The formula for the angle \( \theta \) between two planes involves their normal vectors \( \mathbf{n}_1 \) and \( \mathbf{n}_2 \), computed as:\[\cos{\theta} = \frac{\mathbf{n}_1 \cdot \mathbf{n}_2}{\Vert \mathbf{n}_1 \Vert \Vert \mathbf{n}_2 \Vert}\]The dot product reflects the magnitude of projection between two vectors, while the norms relate to vector lengths. In our exercise, the dot product between \( \langle 0, c, 0 \rangle \) of the plane \(P\), and \( \langle 0, 0, 1 \rangle \) of the \(xy\)-plane turns out to be zero, resulting in \( \theta = \frac{\pi}{2} \) radians, or 90 degrees.

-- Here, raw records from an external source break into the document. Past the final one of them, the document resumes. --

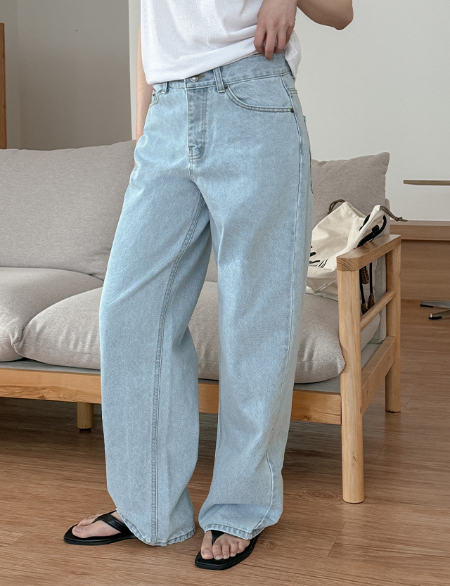 리엔트 寬 簡單 淺 牛仔 褲 87217
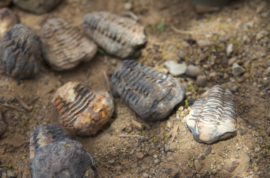 In een andere Ordovicische site zoekn we naar de typerende Calymeniden. Op de colluviale vlaktes nabij Alnif kunnen we verschillende Flexicalymenes bij de staart vatten. Deze zitten meestal in nodules. Het betere materiaal kan je hogerop in de heuvels van Jebel Tiskaouine vinden, maar dan is het weer hard werken. Voor wat, hoort wat.
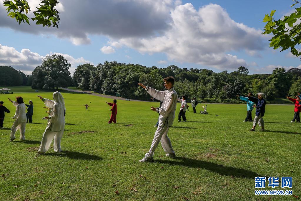 7月28日,人们在比利时布鲁塞尔的拉肯公园练习太极。

This perpendicularity indicates the planes intersect at a right angle, explaining the spatial interaction within the given setup. Calculating angles between planes assists in determining how surfaces relate within broader structures.
The formula for the angle \( \theta \) between two planes involves their normal vectors \( \mathbf{n}_1 \) and \( \mathbf{n}_2 \), computed as:\[\cos{\theta} = \frac{\mathbf{n}_1 \cdot \mathbf{n}_2}{\Vert \mathbf{n}_1 \Vert \Vert \mathbf{n}_2 \Vert}\]The dot product reflects the magnitude of projection between two vectors, while the norms relate to vector lengths. In our exercise, the dot product between \( \langle 0, c, 0 \rangle \) of the plane \(P\), and \( \langle 0, 0, 1 \rangle \) of the \(xy\)-plane turns out to be zero, resulting in \( \theta = \frac{\pi}{2} \) radians, or 90 degrees.
This perpendicularity indicates the planes intersect at a right angle, explaining the spatial interaction within the given setup. Calculating angles between planes assists in determining how surfaces relate within broader structures.
Normal Vector
A normal vector is a crucial concept in geometry and vector calculus, often utilized in defining surfaces and angles between different elements. It represents a direction perpendicular to a plane, acting as an anchor for distinguishing orientation.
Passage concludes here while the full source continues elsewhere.